Moving Least Squares Approximation using the MLSApproximator class#
The MLSApproximator class is different from the previous implementation in that it is high-performance. This comes at the cost that the choice of the weight function is fixed. Another difference is that it uses a kNN tree to decide the points around the neighbourhood of the point of evaluation on which the regression is made. Also, the class only approximates the function, not the derivatives.
[27]:
import numpy as np
from sigmaepsilon.math.downloads import download_mls_testdata
data: np.ndarray = download_mls_testdata()
points = data[:, :2]
values = data[:, 2:]
points.shape, values.shape
[27]:
((102, 2), (102, 4))
[28]:
from sigmaepsilon.math.approx import MLSApproximator
approximator = MLSApproximator(points, values)
approximator.approximate(points)[:5, :]
[28]:
array([[6.88029282e+05, 6.88029282e+05, 2.92550220e+05, 1.97073011e+05],
[3.66243143e+04, 3.66243143e+04, 1.34600139e+03, 8.17082870e+01],
[6.88029282e+05, 6.88029282e+05, 2.92550220e+05, 1.97073011e+05],
[6.58356356e+05, 6.77569470e+05, 2.80088371e+05, 1.91808300e+05],
[6.09160300e+05, 6.64341189e+05, 2.59715765e+05, 1.83912612e+05]])
You can approximate n-dimensional data as well:
[29]:
values = np.random.rand(len(points), 5, 2, 6, 10)
approximator = MLSApproximator(points, values)
approximator.approximate(points).shape
[29]:
(102, 5, 2, 6, 10)
The performance of the approximator is perhaps better understood visually using 1d data. For the purpose of this example, we are going to use a sine function, with some random noise added on top of it.
[30]:
from sigmaepsilon.math import atleast2d
plt.ioff() # Turn off interactive plotting
number_of_data_points = 200
number_of_sampling_points = 16
coords = np.linspace(0, 1, number_of_data_points)
random_noise = np.random.normal(0, 0.2, coords.shape)
data = np.sin(4 * np.pi * coords) + random_noise
fig, axs = plt.subplots(1, 1, layout="constrained")
axs.plot(coords, data, "o", color="black")
axs.set_title("MLS approximation using kNN")
data.shape, coords.shape
[30]:
((200,), (200,))
Now we will approximate the underlying function with different settings and plot the approximation functions.
[31]:
coords_approx = np.linspace(0, 1, number_of_sampling_points)
def approximate(k: int):
approximator = MLSApproximator(coords, data, k=k)

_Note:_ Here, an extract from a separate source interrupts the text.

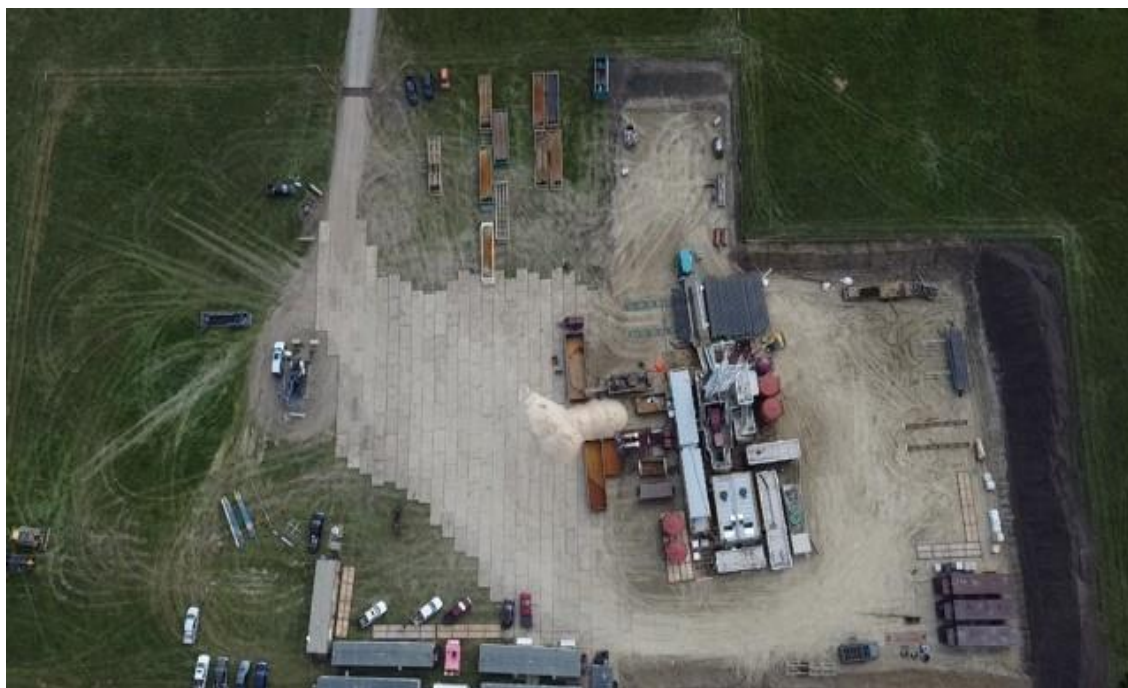
Figure 2. Overhead shot of the Certus Caroline well pad and Ensign 438 drill rig on location.

data_approx = approximator.approximate(coords_approx)
return data_approx
def plot_on_axis(ax, coords_approx, data_approx, *args, **kwargs):
ax.plot(coords_approx, data_approx, *args, markersize=4, **kwargs)
ax.legend()
for k in [2, 4, 8, 16, 32, 64, 200]:
data_approx = approximate(k)
plot_on_axis(axs, coords_approx, data_approx, label=f"MLS kNN (k={k})")
plt.show()
It is visible that for this particular data, there is no big difference in using 4, 8, 16 or more neighbours, but the accuracy gets worse around the boundaries. Also, when all points are accounted for, the approximation reduces to a least-squares solution.